Promoters of many small and micro enterprises are borrowing money from banks in their personal capacity to finance business ventures, as lenders become cautious in offering credit to these firms due to the uncertain macro-economic environment.
The rates at which promoters are able to borrow by pledging their assets with banks are often cheaper than interest rates payable on unsecured loans raised by some small and micro companies.
"Right now, it is a period of promoters borrowing in their personal capacity, and then lending it to their own businesses. Many promoters are taking a loan against their personal property and using it as capital for their business," Amitabh Chaturvedi, managing director and chief executive of Dhanlaxmi Bank, told Business Standard.
He said while small and mid-sized firms were currently paying 13.50-14.50 per cent on bank loans, the promoters were able to borrow these funds at a rate that was 75-150 basis points cheaper, by offering their properties as securities.
According to a senior State Bank of India official, in many cases, banks have asked promoters to infuse more capital in their business, as the debt-equity ratio of many of these firms continues to remain high. Hence, many promoters are borrowing funds from banks in their individual capacity, and injecting the money in their business as capital.
"Banks want to limit their credit exposure.
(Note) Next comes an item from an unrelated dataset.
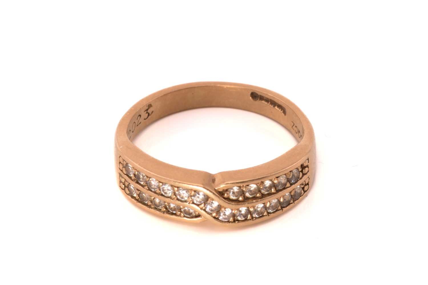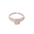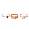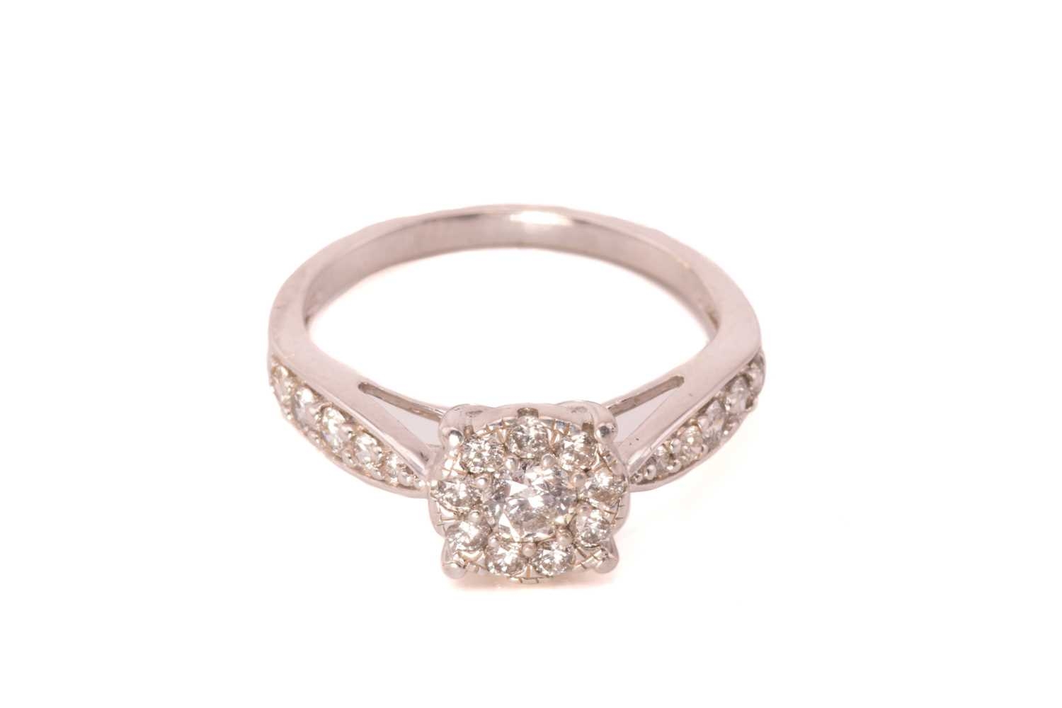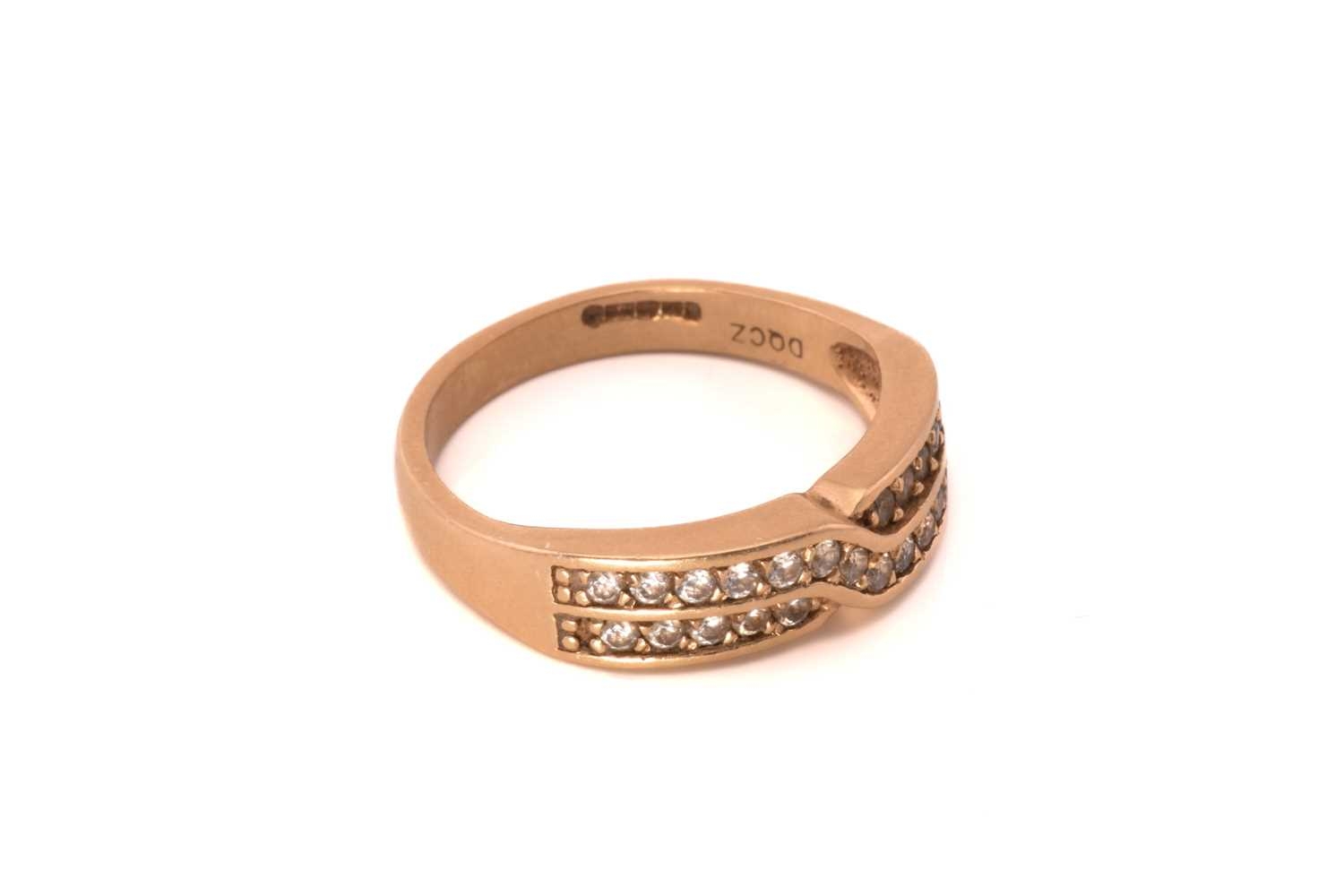 Two 9ct diamond cluster rings and a cubic zirconia ring; A synthetic ruby and diamond halo ring in 9ct white gold, size O; A diamond cluster ring in 9ct white gold, size N; A two-row CZ ring with pseudo hallmarks, marked 'DQCZ', size M; Total weight of items 8.3 grams (3).

Otherwise, there is a high risk of default. Banks insist promoters bring in additional funds. This is one way through which they are raising additional capital for their businesses," the official said, requesting anonymity.
Bankers said in the current environment of slow economic growth, the financial positions of many small and medium enterprises, especially in export-oriented sectors, were being stretched. With receivables being delayed and order pipelines shrinking, banks were not keen to offer additional loans to these firms.
"If the promoter has a property that he can offer as security, he can get loans from banks. But his company may not be in a position to raise additional money. It makes sense that he takes a loan on his own, and infuses it as capital, or shareholder loan, into the business. It is happening, but we cannot say if this has become a trend," said a senior official of a private bank.
According to senior IDBI Bank officials, instances of promoters borrowing in their own capacity and then lending to their businesses have gone up because of the current high interest rate regime and slowing economic activities.